# Problem:
Copy each entry verbatim, excluding its images.

[Dataset entries]
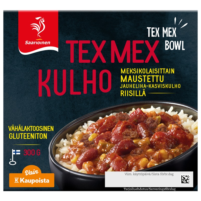 Riisiä ja täyteläisen tuliseksi haudutettua jauheliha-tomaattikastiketta, jossa paahdettuja paprikoita, kidneypapuja ja maissia. Maustettu mm. chilillä, cayennella ja valkosipulilla. Cheddarjuustoinen riisi pehmentää makukokonaisuutta.
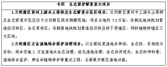 黃河上游生態保護示范區。全面落實黃河流域生態保護和高質量發展戰略,堅持生態優先、綠色發展,以生態保護為核心,統籌推進山水林田湖草綜合治理、系統治理、源頭治理,加強生態修復、水土保持和污染防治,建設黃河上游未利用土地綜合開發示范區和蘭州—新區—白銀黃河中上游水土保持及生態修復示范區,為黃河上游地區生態保護和綠色發展崛起打造新區樣板、作出新區示范。
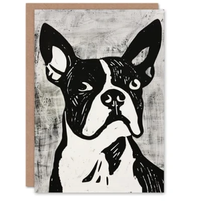 Artery8 Dog Lover Abstract Black White Boston Terrier Blank For Him Or Her Art Birthday Card
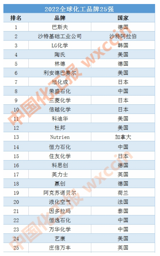2022全球化工品牌25强出炉!荣盛石化、恒力、恒逸、万华上榜
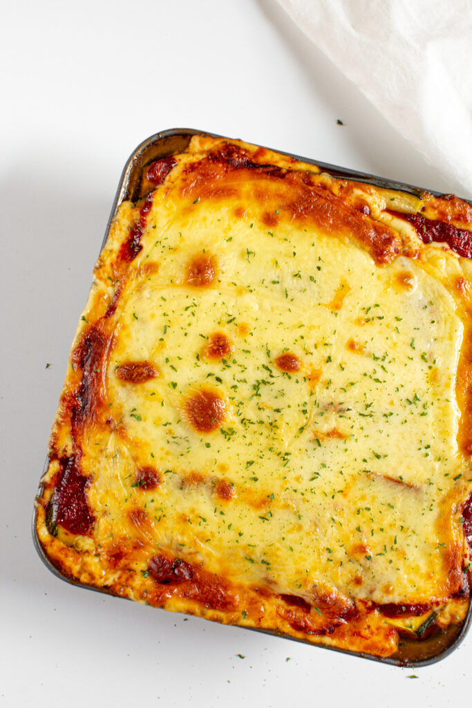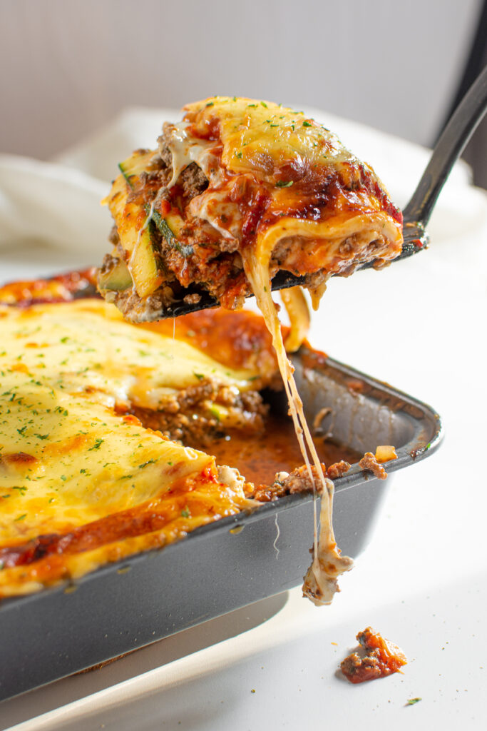 Esta receta usa fideos de calabacín en vez de las láminas para lasaña regular de pasta haciéndola perfectamente libre de gluten y basada en ingredientes keto, pero sigue tan satisfactoria y llena tanto como la lasaña clásica.

# Reply to the task:
 Riisiä ja täyteläisen tuliseksi haudutettua jauheliha-tomaattikastiketta, jossa paahdettuja paprikoita, kidneypapuja ja maissia. Maustettu mm. chilillä, cayennella ja valkosipulilla. Cheddarjuustoinen riisi pehmentää makukokonaisuutta.
 黃河上游生態保護示范區。全面落實黃河流域生態保護和高質量發展戰略,堅持生態優先、綠色發展,以生態保護為核心,統籌推進山水林田湖草綜合治理、系統治理、源頭治理,加強生態修復、水土保持和污染防治,建設黃河上游未利用土地綜合開發示范區和蘭州—新區—白銀黃河中上游水土保持及生態修復示范區,為黃河上游地區生態保護和綠色發展崛起打造新區樣板、作出新區示范。
 Artery8 Dog Lover Abstract Black White Boston Terrier Blank For Him Or Her Art Birthday Card
2022全球化工品牌25强出炉!荣盛石化、恒力、恒逸、万华上榜
 Esta receta usa fideos de calabacín en vez de las láminas para lasaña regular de pasta haciéndola perfectamente libre de gluten y basada en ingredientes keto, pero sigue tan satisfactoria y llena tanto como la lasaña clásica.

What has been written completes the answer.